Sensititre CAN1MSF | E. asburiae N22-01531 | | E.coli TOP10 (pFRI-12TF)a | | E.coli TOP10 (pblaFRI-12)b | | E.coli TOP 10 | |
amikacin | <=8 | S | <=8 | S | <=8 | S | <=8 | S |
aztreonam | 16 | R | > 16 | R | > 16 | R | <=1 | S |
cefepime | <=1 | S | <=1 | S | <=1 | S | <=1 | S |
ceftazidime | <=4 | S | <=4 | S | <=4 | S | <=4 | S |
ceftriaxone | <=1 | S | 4 | R | <=1 | S | <=1 | S |
ceftazidime/avibactam | <=4 | S | <=4 | S | <=4 | S | <=4 | S |
ciprofloxacin | <=0.06 | S | <=0.06 | S | <=0.06 | S | <=0.06 | S |
colistin | <=1 | I | <=1 | I | <=1 | I | <=1 | I |
doxycycline | <=4 | S | <=4 | S | <=4 | S | <=4 | S |
ertapenem | <=0.25 | S | > 2 | R | <=0.25 | S | <=0.25 | S |
ceftolozone/tazobactam | <=1 | S | 8 | R | <=1 | S | <=1 | S |
gentamicin | <=2 | S | <=2 | S | <=2 | S | <=2 | S |
imipenem/relebactam | 2 | S | <=1 | S | <=1 | S | <=1 | S |
levofloxacin | <=0.5 | S | <=0.5 | S | <=0.5 | S | <=0.5 | S |
meropenem | 0.25 | S | 4 | R | <=0.06 | S | <=0.06 | S |
meropenem/vaborbactam | <=1 | S | <=1 | S | <=1 | S | <=1 | S |
minocycline | <=4 | S | <=4 | S | <=4 | S | <=4 | S |
piperacillin/tazobactam | <=8 | S | > 64 | R | > 64 | R | <=8 | S |
plazomicin | <=1 | S | <=1 | S | <=1 | S | <=1 | S |
tigecycline | <=0.5 | S | <=0.5 | S | <=0.5 | S | <=0.5 | S |
tobramycin | <=2 | S | <=2 | S | <=2 | S | <=2 | S |
trimethoprim/ sulfamethoxazole | <=2 | S | <=2 | S | <=2 | S | <=2 | S |
Etest | | | | | | | | |
cefoxitin | 6 | S | 8 | S | 8 | S | < 0.25 | S |
Imipenem | 2 | I | 4 | R | 0.5 | S | 0.125 | S |
Bold formating indicates resistant phenotype according to CLSI (M100:2023). S-susceptible; I-intermediate; R-resistant
aE.coli TOP10 electrotransformed with pFRI-12
b bla FRI−12 and upstream region amplified from N22-01531 with primers FRI-12A (forward-GATTTCTCATTGTATACCAACC) and FRI-12B (reverse-TGGCGGACATTTCATGGCGC), cloned into pCR21.TOPO (ThermoFisher Scientific). pCR2.TOPO contains an ampicillin resistance gene (blaTEM−1) and kanamycin resistance gene (aphII).
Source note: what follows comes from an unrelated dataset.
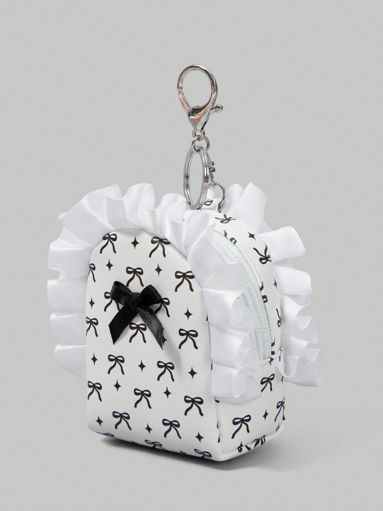 Kawaii Monedero portátil con estampado de lazo y flores de gran capacidad y color negro

Figure 1. FRI-12 plasmid generated with Proksee. Innermost two tracks represent forward and reverse open reading frames of pN22-01531. Third track represents BLASTn of FRI-12 plasmid to its closest related plasmid (pFRI-5). Outer two tracks are annotations generated by CARD RGI and mobileOG databases.
Supplementary Fig. 1. Amino Acid alignment of FRI-variants and phylogenetic tree showing relatedness among FRI-type sequences. Conserved Ambler class A regions; active site motifs 70SXXK73, 130SDN132, 166EXXXN170 and 234KTG236 and cysteine residues C69 and C238 are shown [6].
Supplementary Fig. 2. Schematic representation of FRI region among all FRI variants. Black arrows are hypothetical proteins. All other arrows are labelled.